Bertrand Russell Asks: Can Wisdom Be Taught The Same Way As Knowledge?

I start this post with a relevant question: Can one confidently say that with the increase of scientific and technological knowledge we are getting closer to wisdom?

As Bertrand Russell writes in his short essay Knowledge and Wisdom, purposeful knowledge without the prudence of wisdom can lead, inadvertently, toward a final, and perhaps not desired, outcome that one can call ‘evil’.

Russell further states that if we as a progressive world wish to avoid evil actions because of our thirst for knowledge, we would do well to also impart the teaching of wisdom, and to encourage everyone to embrace open-mindedness and impartiality in their use of this knowledge.

As Russell writes in the opening of his essay:

Most people would agree that, although our age far surpasses all previous ages in knowledge, there has been no correlative increase in wisdom. But agreement ceases as soon as we attempt to define ‘wisdom’ and consider means of promoting it. I want to ask first what wisdom is, and then what can be done to teach it.

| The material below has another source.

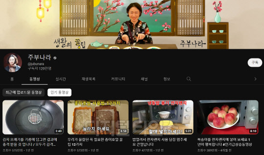 살림의 신 유튜버 '주부나라' 베란다서 봉지로 채소 기르는 법 등 켜켜이 쌓인 노하우 구독자에 전수 친구 시어머니 등 대가 비법도 전달 격식 없는 모습에 자취생들 '호평' 어느덧 129만명… 랜선 엄마 등극

Russell further discusses the dangers of knowledge without wisdom:

There are, I think, several factors that contribute to wisdom. Of these I should put first a sense of proportion: the capacity to take account of all the important factors in a problem and to attach to each its due weight. This has become more difficult than it used to be owing to the extent and complexity for the specialized knowledge required of various kinds of technicians. Suppose, for example, that you are engaged in research in scientific medicine. The work is difficult and is likely to absorb the whole of your intellectual energy. You have not time to consider the effect which your discoveries or inventions may have outside the field of medicine. You succeed (let us say), as modern medicine has succeeded, in enormously lowering the infant death-rate, not only in Europe and America, but also in Asia and Africa. This has the entirely unintended result of making the food supply inadequate and lowering the standard of life in the most populous parts of the world. To take an even more spectacular example, which is in everybody’s mind at the present time: You study the composition of the atom from a disinterested desire for knowledge, and incidentally place in the hands of powerful lunatics the means of destroying the human race. In such ways the pursuit of knowledge may become harmful unless it is combined with wisdom; and wisdom in the sense of comprehensive vision is not necessarily present in specialists in the pursuit of knowledge.

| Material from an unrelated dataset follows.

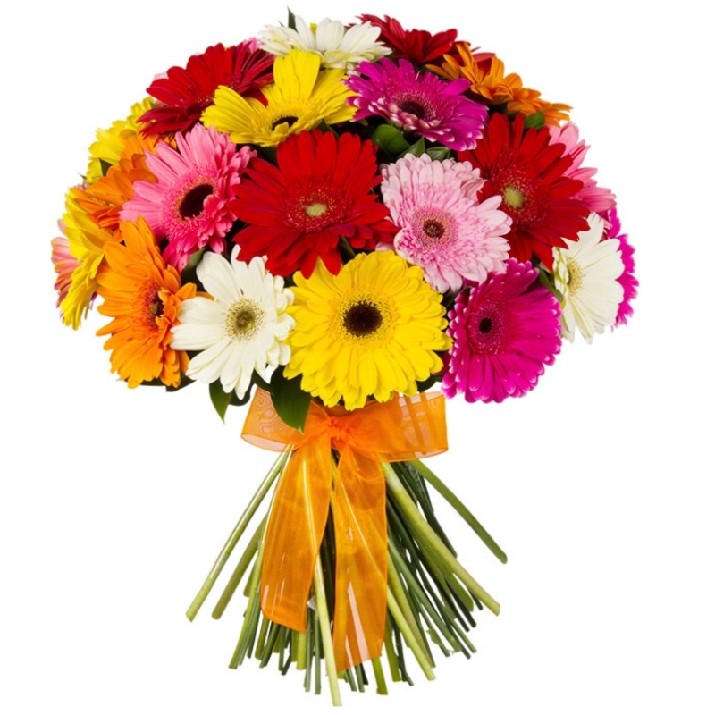 Букет состоит из MIX из 31 гербера, прозрачная упаковка, атласная лента.

As for my own take on the subject of imparting knowledge and wisdom (which was very well reasoned in Russell’s insightful essay): Can one actually be taught to be wise or is one simply born with it?

This is perhaps similar to the question of how does one go about teaching common sense to the masses.

As for my original question – I don’t know.  As I have so far learned by observing so-called wise men and reading the books written by them, it is perhaps easier to understand the benefits of wisdom than apply it to my own daily life.

It is all well and good teaching a particular branch of knowledge and skill for one to perform their chosen job, which at the same time becomes mechanically second-nature through repetitive use.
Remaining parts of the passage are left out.